傅云涧的手瞬间攥紧方向盘,指节泛白。他忆起杜迦萝每次提及姐姐时躲闪的眼神,还有她藏在袖口里的伤痕——上次杜曼娜来傅家闹事,是杜迦萝死死阻拦,被推倒在茶几角磕出的淤青。原来那些难以言说的难堪,早已在她心上刻下无数伤痕。
他未将李兵的话告知杜迦萝,只是从那日起,每次杜曼娜上门,他都会让保镖直接拦在门外,杜绝她与杜迦萝见面的机会。他以为这样便能护她周全,却忽略了有些流言如同藤蔓,会顺着墙缝潜入院子,无声无息地缠绕上那个总是低着头的姑娘。
那日他提前归家,本想给她个惊喜,却在花园角落听到她与管家的对话。杜迦萝的声音轻柔且颤抖:“张叔,他们说……说我姐姐的妈妈是……是那种人……是真的吗?”
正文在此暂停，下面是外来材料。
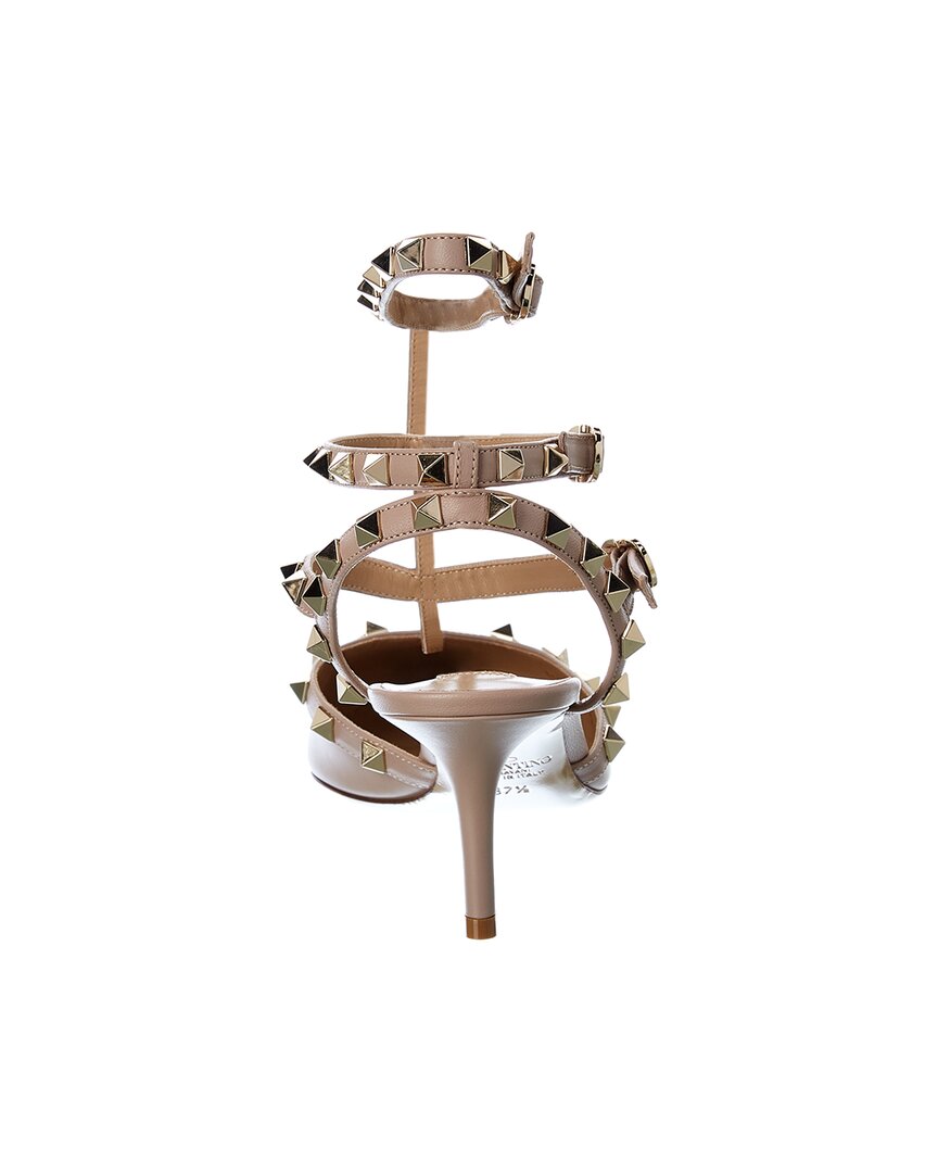 - Rockstud Caged 65 Leather Ankle Strap Pump In Powder Nappa Leather With Platinum-Finish Rockstuds

管家轻叹一声:“三小姐,那些闲言碎语别放在心上,与您无关……”
“可他们会连我一起骂的。”她吸了吸鼻子,“他们说我们姐妹俩……都是一路货色……”
傅云涧站在月桂树后,看着她将脸埋进膝盖,肩膀颤抖得如同秋风中的落叶,忽然觉得自己先前做的一切都远远不够。他以为挡住了人,就能挡住流言,却不知那些话语早已在她心底生根发芽,长成了刺,轻轻触碰便疼痛钻心。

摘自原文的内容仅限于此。